The indication for undergoing ICSI treatment was poor semen parameters (i.e. <1x106 total number of morphologically normal, motile spermatozoa) or fertilization failure in previous conventional IVF despite normal spermatozoa parameters according to World Health Organization standards (WHO, 1987).
Ovarian stimulation
Ovarian stimulation was performed by a combination of a gonadotrophin-releasing hormone agonist, Decapeptyl (Ferring, Hoofddorp), The Netherlands; Synarel (Searle, Maarssen, The Netherlands), human menopausal gonadotrophin, Metrodin HP (Serono Benelux, Den Haag, The Netherlands); Pergonal (Serono Benelux), and human chorionic gonadotrophin (HCG), Profasi (Serono Benelux); Pregnyl (Organon, Oss, The Netherlands). Luteal phase supplementation was given by intravaginally administered progesterone, Progestan (Organon) and an HCG injection, Pregnyl (Organon) 6 days after oocyte retrieval.
Sperm preparation
Freshly ejaculated semen was allowed to liquefy. For seven patients, frozen semen was thawed (12 cycles). Volume was determined, concentration and percentage of motile spermatozoa were assessed in a Makler counting chamber and the total number of motile spermatozoa was calculated. HEPES-buffered Earle's medium with 0.5% human serum albumin was added to the semen sample and mixed by pipetting. Depending on the total number of motile spermatozoa, the mixed sample was pipetted on top of either a 1 ml 70 or 80% Percoll layer and centrifuged (800 g, 10 min). The supernatant was removed and the pellet was resuspended in HEPES-buffered Earle's medium. Depending on the total number of motile spermatozoa, this suspension was either pipetted on top of an 80% Percoll layer and then washed twice, first in the HEPES-buffered medium and the second time in Universal IVF medium (Medicult; Lucron, Milsbeek, The Netherlands), or washed twice in the medium after the first Percoll treatment, first in the HEPES-buffered medium and the second time in Universal IVF medium (Medicult). Volume, concentration, motility and the total number of motile spermatozoa were redetermined after processing. The spermatozoa were kept at 37°C in a CO2 incubator until ICSI took place.
Oocyte preparation
Between 0 and 4 h after oocytecumulus complex (OCC) collection the OCC were denuded of their surrounding cumulus cells by incubation in 80 IU/ml hyaluronidase (Hyase; IVF Science, Göteborg, Sweden) in HEPES-buffered Earle's medium for 20 s and by repeated pipetting of the OCC in and out of a hand-drawn Pasteur pipette. After denudation the oocytes were washed in HEPES-buffered Earle's medium with 0.5% human serum albumin and the maturation stage of the oocytes was checked; the oocytes which had extruded a polar body were selected for ICSI and transferred to Universal IVF medium (Medicult) droplets under mineral oil (Sigma, Brunschwig Chemie, Amsterdam, The Netherlands) until ICSI took place. Just before starting the ICSI procedure all oocytes were checked again for the presence of a polar body.
ICSI procedure
Microinjection was carried out on the heated stage of an inverted microscope (Olympus, IX70, Paes, Zoetermeer, The Netherlands), using Hoffman modulation optics at x300 magnification. The injection and holding pipette were obtained from Humagen (Gynotec, Malden, The Netherlands). They were connected to two microinjectors (IM-6; Narishige, Paes) which were fitted to two micromanipulators (Narishige) by Teflon tubing (CT-1; Narishige). Petri dishes (Falcon type 1006; Micronic, Lelystad, The Netherlands) were prepared with two central droplets of 3 µl polyvinylpyrrolidone (PVP) solution (Medicult) with one containing prepared spermatozoa and one to flush the injection pipette when necessary. Five droplets of 5 µl HEPES-buffered Earle's medium were arranged around these droplets, each containing one oocyte. All droplets were covered with mineral oil (3.5 ml/Petri dish).

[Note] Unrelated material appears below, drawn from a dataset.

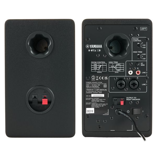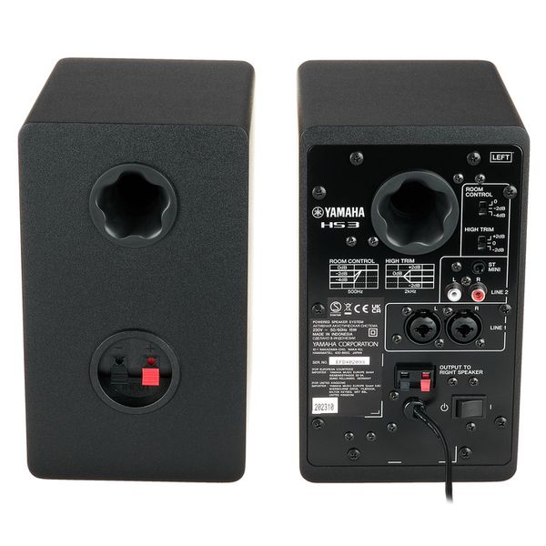 Yamaha HS 3 — активный 2-полосный студийный монитор с корпусом низкого профиля, который улучшает воспроизведение низких частот благодаря специальному отверстию в корпусе. Оснащён 3,5-дюймовым низкочастотным динамиком и 0,75-дюймовым твитером, обеспечивает воспроизведение частот от 85 до 20 000 Гц (+/-3 дБ) с максимальным звуковым давлением 100 дБ SPL. Монитор оборудован регулятором громкости на передней панели, переключателями Room Control и High Trim для точной адаптации под акустику помещения, а также разъёмами COMBO XLR/TRS, RCA и стерео мини-джек. В комплекте идут: антискользящий коврик, стерео кабель мини-RCA, кабель подключения мониторов L/R. Подходит для мониторинга в небольших студиях.

A single motile spermatozoon from the central spermatozoa droplet was immobilized by pressing the tail of the spermatozoon against the bottom of the Petri dish until it stopped moving. The spermatozoon was then aspirated into the injection pipette, tail first. The Petri dish was then moved in order to visualize an oocyte in one of the surrounding droplets. The oocyte was firmly attached to the holding pipette. The position of the polar body was chosen without any preference for the 6 or 12 o'clock position and without any knowledge about the patient. The position was then recorded for each oocyte. The injection pipette always entered the oocyte at the 3 o'clock position with the opening of the bevel directed to the 6 o'clock position. The breakage of the oolemma was checked by gentle aspiration of cytoplasm into the pipette and the spermatozoon was injected into the cytoplasm. The person who performed the injection was recorded for each oocyte. This depended on a weekly work schedule. All injections were performed by two operators with equal ICSI experience.
After injection the oocyte was washed and incubated in well-equilibrated Universal IVF medium at 37°C in 5% CO2 in air.
Embryo transfer
Embryo transfer took place 3 days after oocyte retrieval. In our standard protocol two embryos were transferred. In some circumstances, depending on age and/or number of available embryos, one or three embryos were transferred. These transfers were excluded from this study.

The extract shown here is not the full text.